++++ Data provided

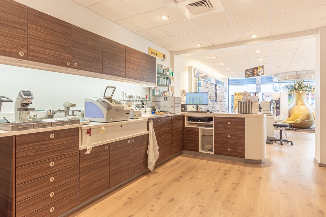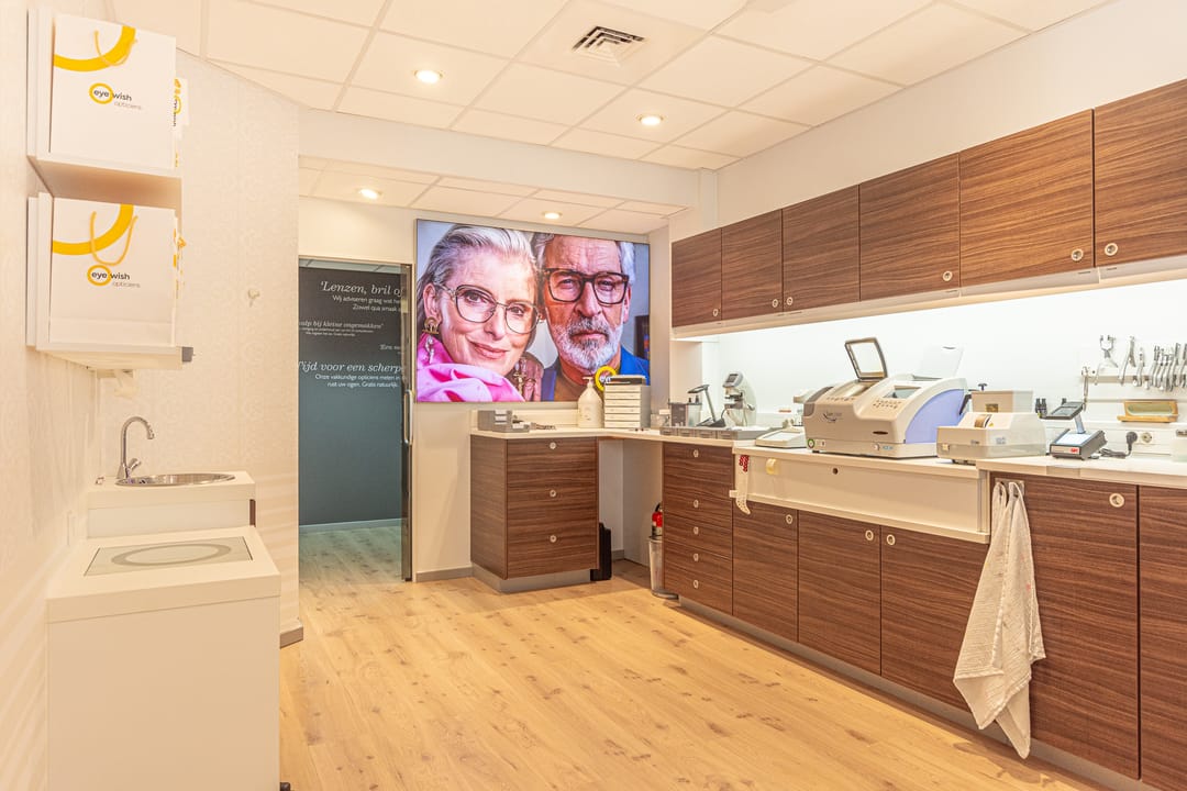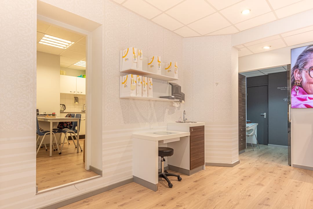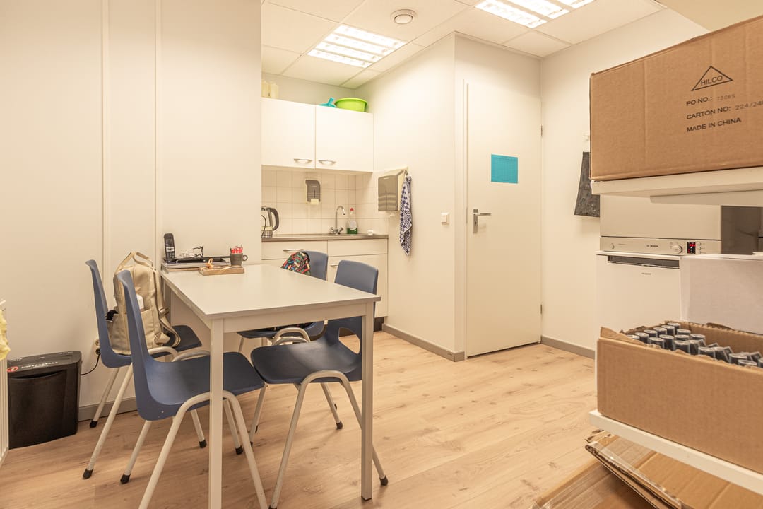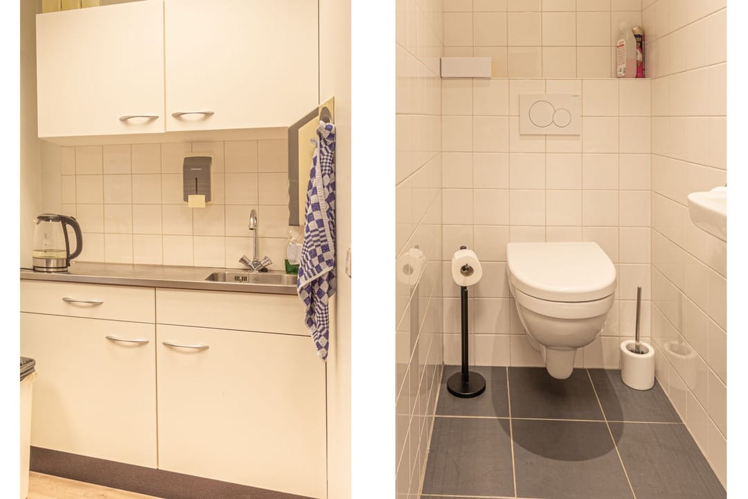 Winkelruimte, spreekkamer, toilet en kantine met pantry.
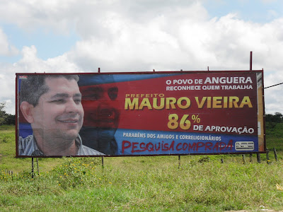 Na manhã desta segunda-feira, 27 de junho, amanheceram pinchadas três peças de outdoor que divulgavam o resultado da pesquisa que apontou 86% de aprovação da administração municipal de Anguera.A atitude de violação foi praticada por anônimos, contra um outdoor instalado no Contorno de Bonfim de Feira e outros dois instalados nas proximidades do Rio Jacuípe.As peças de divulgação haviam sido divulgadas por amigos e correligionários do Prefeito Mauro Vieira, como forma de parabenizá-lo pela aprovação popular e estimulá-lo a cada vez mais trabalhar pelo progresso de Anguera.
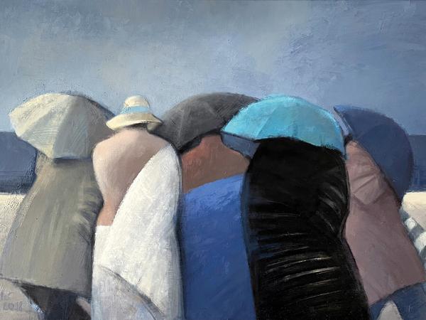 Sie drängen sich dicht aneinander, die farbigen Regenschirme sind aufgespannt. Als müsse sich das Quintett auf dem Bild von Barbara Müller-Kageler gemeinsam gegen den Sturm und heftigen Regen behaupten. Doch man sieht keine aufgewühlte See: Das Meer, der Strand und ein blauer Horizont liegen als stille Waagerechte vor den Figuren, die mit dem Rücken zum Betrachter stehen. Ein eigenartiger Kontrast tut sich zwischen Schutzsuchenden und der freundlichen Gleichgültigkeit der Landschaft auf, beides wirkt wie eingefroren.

++++++++

[Your assignment] Return only what lies between the line containing "Na manhã desta" and the last line of the listing, those two lines included, exactly as written and with no pictures.

[Exercise solution]
 Na manhã desta segunda-feira, 27 de junho, amanheceram pinchadas três peças de outdoor que divulgavam o resultado da pesquisa que apontou 86% de aprovação da administração municipal de Anguera.A atitude de violação foi praticada por anônimos, contra um outdoor instalado no Contorno de Bonfim de Feira e outros dois instalados nas proximidades do Rio Jacuípe.As peças de divulgação haviam sido divulgadas por amigos e correligionários do Prefeito Mauro Vieira, como forma de parabenizá-lo pela aprovação popular e estimulá-lo a cada vez mais trabalhar pelo progresso de Anguera.
 Sie drängen sich dicht aneinander, die farbigen Regenschirme sind aufgespannt. Als müsse sich das Quintett auf dem Bild von Barbara Müller-Kageler gemeinsam gegen den Sturm und heftigen Regen behaupten. Doch man sieht keine aufgewühlte See: Das Meer, der Strand und ein blauer Horizont liegen als stille Waagerechte vor den Figuren, die mit dem Rücken zum Betrachter stehen. Ein eigenartiger Kontrast tut sich zwischen Schutzsuchenden und der freundlichen Gleichgültigkeit der Landschaft auf, beides wirkt wie eingefroren.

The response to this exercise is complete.